>> [CLOSED] Salt & Fat | Eat the World NYC

30 April 2011

[CLOSED] Salt & Fat

USA

[UPDATE: CLOSED]

I must come clean before I write this review... I was completely ready to dislike Salt & Fat. I do not write about places I don't like and I was just about sure I would have nothing to say about it. I was in the mood for something salty and fatty while sipping on a fourth or fifth Guinness across the street, but it was just a guilty pleasure kind of meal.


They had me at "...popped in bacon fat," which their complimentary small bag of popcorn (above) is. It did a nice job of loosening my defenses so that I could enjoy the rest of the meal as much as possible.

The place itself is a weird little pocket to pop up in Sunnyside, a facade and menu that might feel more comfortable in Williamsburg or Greenpoint. The interiors seem more formal than the people and food, which is 100% casual. It has weird classical accents but for the most part is awkwardly minimal.
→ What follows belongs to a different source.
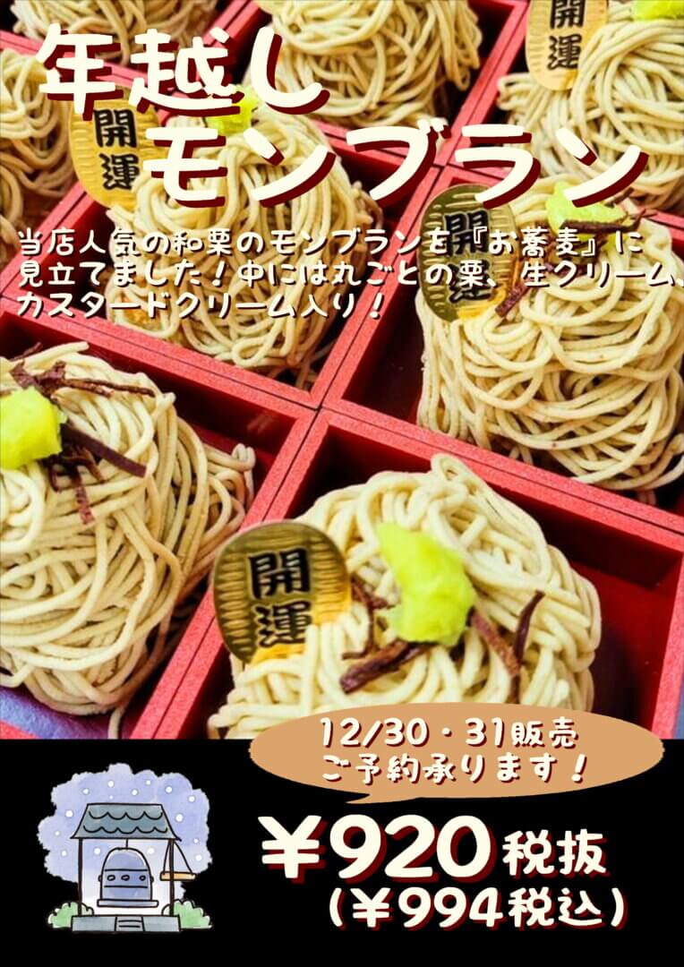 商品情報 年越しモンブランご予約承ります! 2025年12月4日 / 12/30、31の年末2日間限定で毎年恒例の「年越しモンブラン」を数量限定で販売いたします!本物のお蕎麦と見間違えてしまいそうな見た目も楽しいスイーツです♪ご予約は店頭または 📞お電話にてご予約承っております!皆様のご利用をお待ちしております🙌

I might be intimidated if the prices were higher.

It is pretty new, and obviously getting its traction, but most of the food we had was very good. The Hampshire pulled pork sliders ($9, below) do not disappoint, with juicy meat, a nice toasted bun, and a cucumber that somehow imposes its will on each bite.
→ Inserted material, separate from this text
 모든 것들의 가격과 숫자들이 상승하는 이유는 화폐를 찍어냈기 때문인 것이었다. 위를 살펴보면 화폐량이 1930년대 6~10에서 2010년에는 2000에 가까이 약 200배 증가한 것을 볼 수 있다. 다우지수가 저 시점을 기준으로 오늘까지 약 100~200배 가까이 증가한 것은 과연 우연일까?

Also served in a plate of three were the short rib buns ($8, below), which in my opinion were all about the apricot mustard. The meat and bread is good, but this apricot spread (not that mustard-y) was really perfect in there.


Lastly, we had the shining star of the meal, the fried chicken ($12, below), a healthy portion of pieces served with an herb ranch dipping sauce. Unfortunately the skin here has been removed, but the crispy exterior and marinade is so good it doesn't matter. It had a striking similarity to eating salt & pepper chips, if those tastes could be transfered to chicken. Even the thick white meat pieces stay very juicy, and there was not one bite that did not satisfy.
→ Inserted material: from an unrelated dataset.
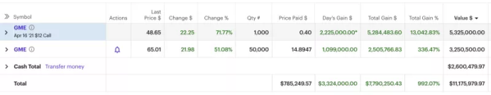 事实确实如此,随着GME股价飙升,散户们乐不可支,纷纷在论坛里晒出自己数十数百倍的收益。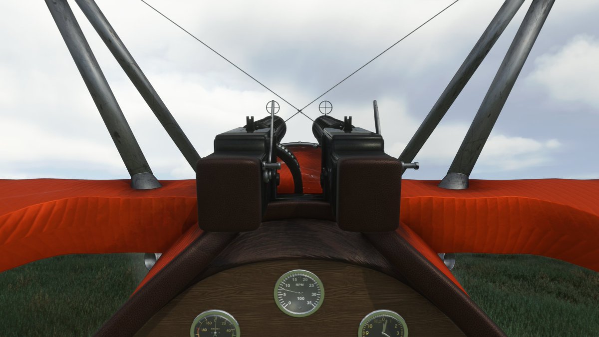 The first thing I'm going to note is that, as in real life, taxiing the Fokker Dr.I is a hell of a challenge. For one thing, all those wings almost completely block any forward view. Some pilots compare the wings to "venetian blind" that closes when the tail is down.

For dessert, we could not resist the lychee panna cotta and yuzu buttermilk sorbet ($6, below), which successfully caters to two desires of sweetness. I really loved the cold sorbet but also could not help going back to the creamy panna cotta. Interestingly, the two do not taste very good when eaten in the same bite, but no matter, they come plated as if to resist each other.


So Queens Boulevard now has a trendy go-to new American eatery to lean on. It's definitely better than it might sound on paper!